Ashes to Ashes: The Origins of Cremation and Cremation Urns

For as long as cremation has existed, it has been a hot button issue among people and beliefs. While some cultures and religions support cremation, some find it macabre, and even more find it downright disgusting and say it is an improper way to dispose of a body. Whether you support cremation or not, it stands as one of the longest running processes, and memorial traditions, in the history of our species.

Cremation From The Beginning

Cremation has been around for a very, very long time. Scholars today generally agree that cremation began during the early Stone Age ~3000 B.C. in Europe and The Near East. Near the end of the Stone Age, cremation practices began to spread to northern Europe, as can be seen from historical finds of decorative pottery in the Slavic regions of Russia. With the onset of the Bronze Age, cremation began to move into the British Isles and Ireland and into what is now known as Spain and Portugal. Cemeteries for cremation develop in Hungary and northern Italy and also spread to northern Europe.

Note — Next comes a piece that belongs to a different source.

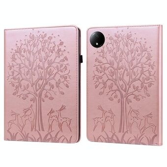 Για Xiaomi Redmi Pad SE 8.7 δέντρο & ελάφι ανάγλυφη δερμάτινη θήκη tablet (ροζ)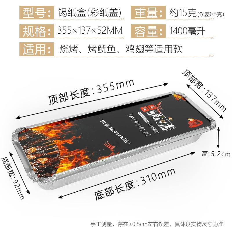 Jバーベキュー包装錫紙箱使い捨て長方形アルミ箔弁当箱蓋付き保温延長販売串錫箔b

Cremation In The Classical Eras

By the time of the Greeks, cremation had become an integral and elaborate part of the Grecian burial customs. It even became the dominant method of disposition by the time of Homer in 800 B.C. and was actually encouraged for health reasons and was an expedient burial method for soldiers slain in war. Cremation was seen by many classic cultures as a very hygienic disposal of human remains, especially after plagues ravaged many of the early cities.

Following the Grecian trend, historians note that the early Romans began using cremation as part of their funeral rites around 600 B.C. and became so prevalent that the Roman Senate had to put a ban against the cremation of bodies within the city during this time. By the time of the Roman Empire, cremation became widely practiced, and cremains were placed in elaborate urns and often stored in niches in columbarium style buildings. Even though the practice was popular and part of Roman society, cremation was rare with the early Christians who considered it pagan along with Jewish culture where traditional burial is preferred.

By 400 A.D., as a result of the Christianization of the Roman Empire, earth burial had completely replaced cremation except for rare instances such as plague and war, and for the next 1,500 years this would be the accepted mode of burial throughout Europe.

Modern Cremation

Modern cremation, as we know it today, began in the 19th century. The modern cremation movement started almost simultaneously on both sides of the Atlantic after Professor Brunetti of Italy perfected and displayed his cremation chamber model at the Vienna Exposition in 1873. At the same time, Queen Victoria’s surgeon, Sir Henry Thompson, fostered the use of cremation in the British Isles. Hazardous health conditions prompted Sir Henry and his colleagues to promote cremation and found the Cremation Society of England in 1874. By 1878, England and Germany were home to the first European crematories in Europe.

In North America, cremation was being experimented with in the early 1800s. It began to become more common practice in 1876, when Dr. Julius LeMoyne built the first crematory in Washington, Pennsylvania.

Today, the popularity of cremation is continuing to rise,not only has it become an acceptable form of disposition, but also less expensive than traditional ground burials, and the popularity of cremation is only matched by the constantly evolving styles of cremains vessels. In fact, there are so many urn types, that they are often classified by the style and functionality, rather than materials.

Many religions that were previously against cremation have accepted it as a tradition. Cremation can offer the same options for families that traditional burials do, such as viewing of a body or even burial in a ground plot in a cemetery. Whatever the reason, cremation gives us an alternative for the farewell of our dearly departed in a dignified and time honored way.